Université de Nantes, CNRS, INSERM, l'institut du thorax, Nantes, F-44000, France.
Université de Nantes, CHU Nantes, Inserm, CNRS, SFR Santé, Inserm UMS 016, CNRS UMS 3556, Nantes, F-44000, France.
F1000Res. 2021 Apr 26;10:320. doi: 10.12688/f1000research.52569.1. eCollection 2021.
Workflows are the keystone of bioimage analysis, and the NEUBIAS (Network of European BioImage AnalystS) community is trying to gather the actors of this field and organize the information around them. One of its most recent outputs is the opening of the F1000Research NEUBIAS gateway, whose main objective is to offer a channel of publication for bioimage analysis workflows and associated resources. In this paper we want to express some personal opinions and recommendations related to finding, handling and developing bioimage analysis workflows. The emergence of "big data" in bioimaging and resource-intensive analysis algorithms make local data storage and computing solutions a limiting factor. At the same time, the need for data sharing with collaborators and a general shift towards remote work, have created new challenges and avenues for the execution and sharing of bioimage analysis workflows. These challenges are to reproducibly run workflows in remote environments, in particular when their components come from different software packages, but also to document them and link their parameters and results by following the FAIR principles (Findable, Accessible, Interoperable, Reusable) to foster open and reproducible science. In this opinion paper, we focus on giving some directions to the reader to tackle these challenges and navigate through this complex ecosystem, in order to find and use workflows, and to compare workflows addressing the same problem. We also discuss tools to run workflows in the cloud and on High Performance Computing resources, and suggest ways to make these workflows FAIR.
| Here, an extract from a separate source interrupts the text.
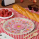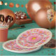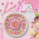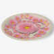 Pink daisy flowers photo paper plates. Add your custom text and background color.

工作流程是生物影像分析的基石,而 NEUBIAS(欧洲生物影像分析员网络)社区正试图汇集该领域的参与者,并围绕他们组织信息。其最近的成果之一是开放了 F1000Research NEUBIAS 网关,其主要目标是为生物影像分析工作流程及其相关资源提供一个发布渠道。在本文中,我们希望就生物影像分析工作流程的发现、处理和开发提出一些个人意见和建议。生物成像和资源密集型分析算法中“大数据”的出现,使得本地数据存储和计算解决方案成为一个限制因素。同时,由于需要与合作者共享数据以及向远程工作的转变,为生物影像分析工作流程的执行和共享带来了新的挑战和途径。这些挑战包括在远程环境中可重复运行工作流程,特别是当它们的组件来自不同的软件包时,以及按照 FAIR 原则(可发现、可访问、可互操作、可重用)对其进行记录并链接其参数和结果,以促进开放和可重复的科学。在这篇观点文章中,我们重点为读者提供一些指导,以应对这些挑战并在这个复杂的生态系统中进行导航,从而找到和使用工作流程,并比较解决同一问题的工作流程。我们还讨论了在云计算和高性能计算资源上运行工作流程的工具,并提出了使这些工作流程符合 FAIR 原则的方法。